Teks Anekdot: “Kenalan Siapa Lebih Hebat?”
Suatu sore yang cerah di sebuah kafe pinggir jalan, Masbayu dan Yoel duduk sambil menikmati secangkir kopi. Obrolan awal mereka ringan—tentang pekerjaan, lalu lintas, dan harga bensin yang makin naik. Namun seperti biasa, Yoel selalu punya cara untuk membuat percakapan berubah arah.
“Bayu,” katanya dengan nada bangga, “kamu tahu nggak, minggu lalu aku makan malam bareng influencer terkenal. Habis itu, aku juga ketemu anggota dewan waktu acara komunitas. Wah, kenalanku makin banyak!”
Masbayu hanya tersenyum. Ia sudah hafal gaya Yoel yang suka membanggakan koneksinya. “Wah, hebat, Yoel,” jawabnya tenang. “Tapi, kamu bener-bener kenal mereka atau cuma sempat foto bareng aja?”
Yoel terdiam sebentar, lalu tertawa canggung. “Ya, pokoknya mereka tahu aku ada, itu juga termasuk kenalan dong,” ujarnya membela diri. Ia lalu mulai menyebut nama-nama lain—mulai dari selebritas, pejabat, sampai pengusaha yang bahkan Masbayu tak pernah dengar namanya.

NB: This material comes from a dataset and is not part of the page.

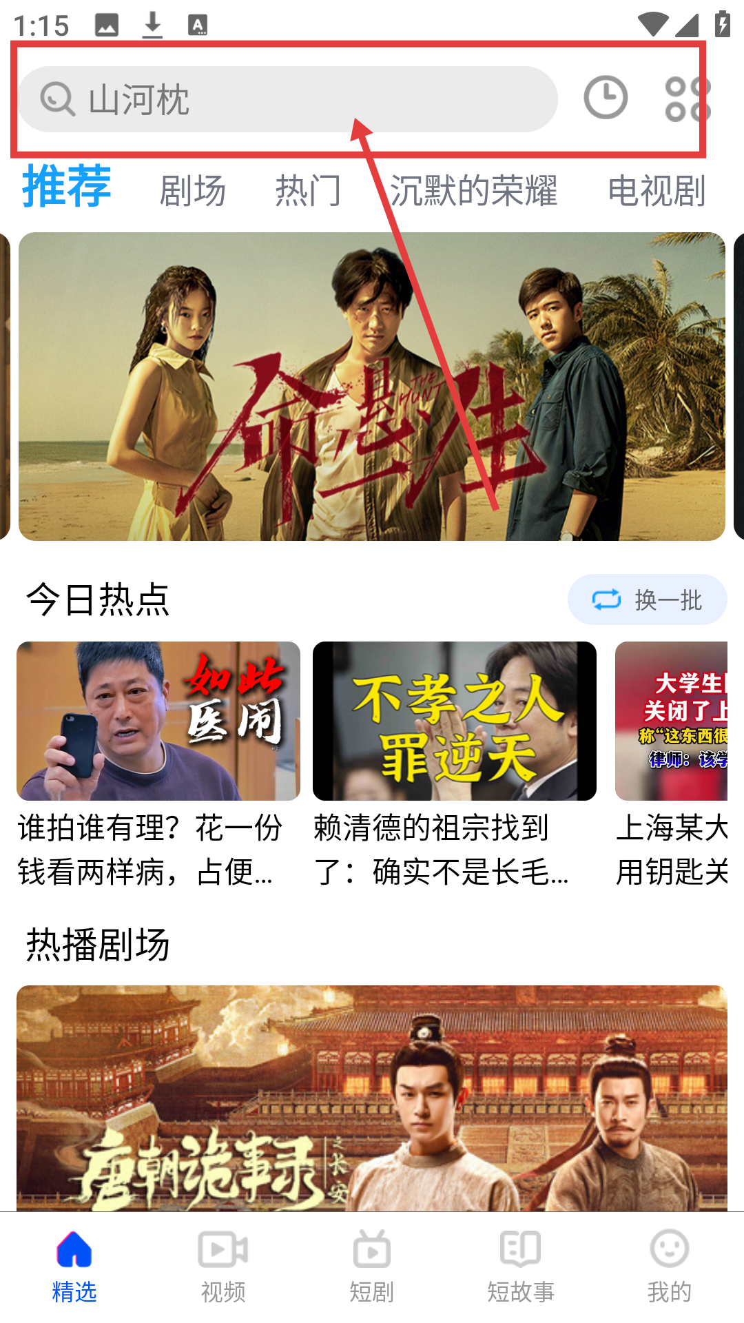 1、在软件首页点击搜索框,进入搜索页面可查找喜欢的剧集哦。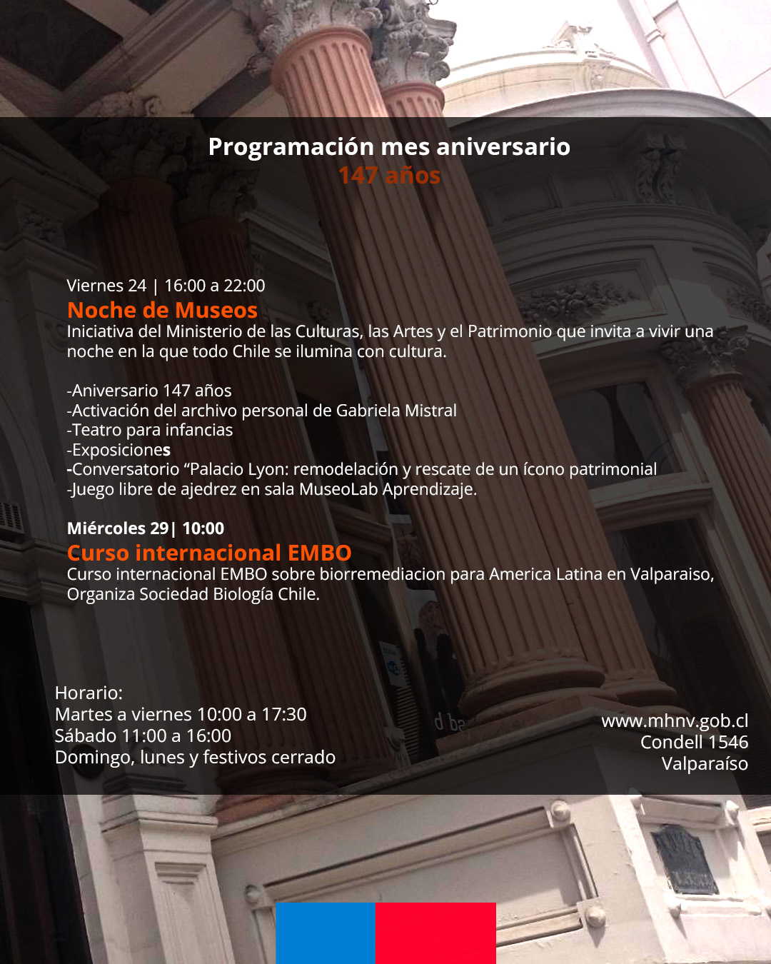 El viernes 24 de octubre, el museo se suma a la tradicional Noche de Museos, una iniciativa del Ministerio de las Culturas, las Artes y el Patrimonio. Desde las 16:00 hasta las 22:00 horas, el público podrá disfrutar de teatro para infancias, exposiciones, ajedrez libre en la sala MuseoLab Aprendizaje y el conversatorio Palacio Lyon: remodelación y rescate de un ícono patrimonial. Asimismo, se activará el archivo personal de Gabriela Mistral, en una velada que celebrará el aniversario número 147 en conexión con todo el país.

Sambil menatap ke luar jendela, Masbayu mengaduk kopinya perlahan. “Kalau begitu, aku juga punya banyak kenalan,” katanya tiba-tiba. “Aku kenal tukang parkir yang selalu bantu jagain motorku, ibu warung yang selalu ingat pesananku, dan anak kecil yang tiap pagi senyum waktu aku lewat.”
Yoel terdiam lagi, kali ini lebih lama. Masbayu menatapnya sambil tersenyum lebar. “Nah, itulah, Yoel! Masing-masing orang punya kenalan sendiri-sendiri. Kamu kenal yang terkenal, aku kenal yang tulus. Sama-sama berharga, kan?”
Yoel akhirnya tertawa kecil sambil mengangkat cangkirnya. “Oke, aku kalah, Bayu. Kenalanmu memang nggak terkenal, tapi kayaknya lebih penting buat hidupmu.”
Masbayu mengangguk. “Dan lebih sering nyapa, dibanding kenalanmu yang cuma muncul di foto.”